=== RECORDS FOR THE TASK ===
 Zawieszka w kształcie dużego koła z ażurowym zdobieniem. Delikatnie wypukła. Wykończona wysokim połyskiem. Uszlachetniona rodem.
===
=== RECORDS FOR THE TASK ===
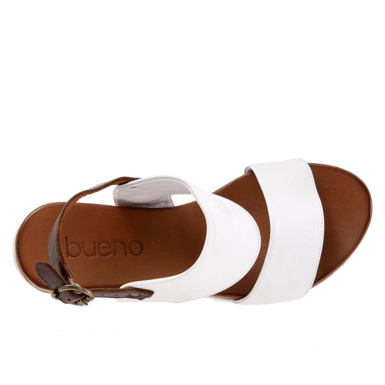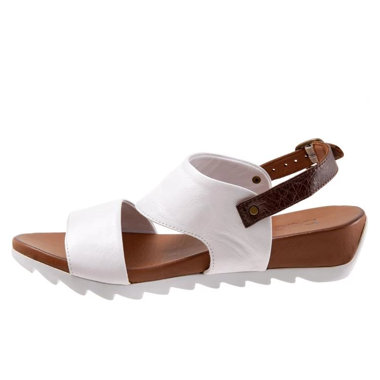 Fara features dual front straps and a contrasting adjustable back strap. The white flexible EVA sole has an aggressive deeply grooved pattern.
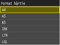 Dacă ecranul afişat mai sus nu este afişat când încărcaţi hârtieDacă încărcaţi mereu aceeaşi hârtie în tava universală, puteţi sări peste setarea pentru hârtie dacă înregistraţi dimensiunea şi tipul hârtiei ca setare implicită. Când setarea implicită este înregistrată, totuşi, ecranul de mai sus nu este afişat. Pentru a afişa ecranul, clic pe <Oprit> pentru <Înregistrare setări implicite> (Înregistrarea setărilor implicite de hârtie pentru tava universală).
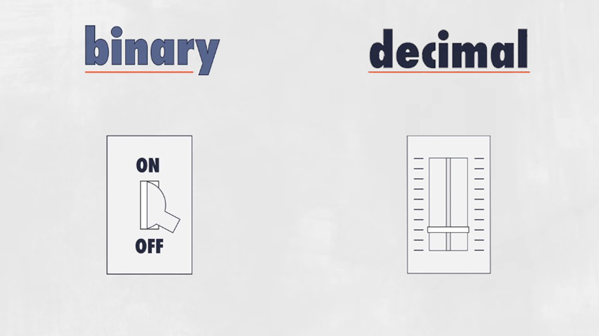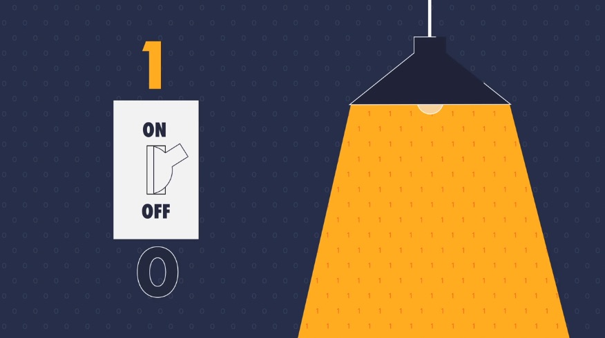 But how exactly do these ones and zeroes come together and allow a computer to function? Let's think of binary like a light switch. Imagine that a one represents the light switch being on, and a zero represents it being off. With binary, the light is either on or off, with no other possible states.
===
_EXERCISE_:
Reproduce word for word, with pictures dropped, only the part of the material above that opens with the line containing "Fara features dual" and closes with the line containing "But how exactly".

_ANSWER TO THIS PROBLEM_:
 Fara features dual front straps and a contrasting adjustable back strap. The white flexible EVA sole has an aggressive deeply grooved pattern.
 Dacă ecranul afişat mai sus nu este afişat când încărcaţi hârtieDacă încărcaţi mereu aceeaşi hârtie în tava universală, puteţi sări peste setarea pentru hârtie dacă înregistraţi dimensiunea şi tipul hârtiei ca setare implicită. Când setarea implicită este înregistrată, totuşi, ecranul de mai sus nu este afişat. Pentru a afişa ecranul, clic pe <Oprit> pentru <Înregistrare setări implicite> (Înregistrarea setărilor implicite de hârtie pentru tava universală).
 But how exactly do these ones and zeroes come together and allow a computer to function? Let's think of binary like a light switch. Imagine that a one represents the light switch being on, and a zero represents it being off. With binary, the light is either on or off, with no other possible states.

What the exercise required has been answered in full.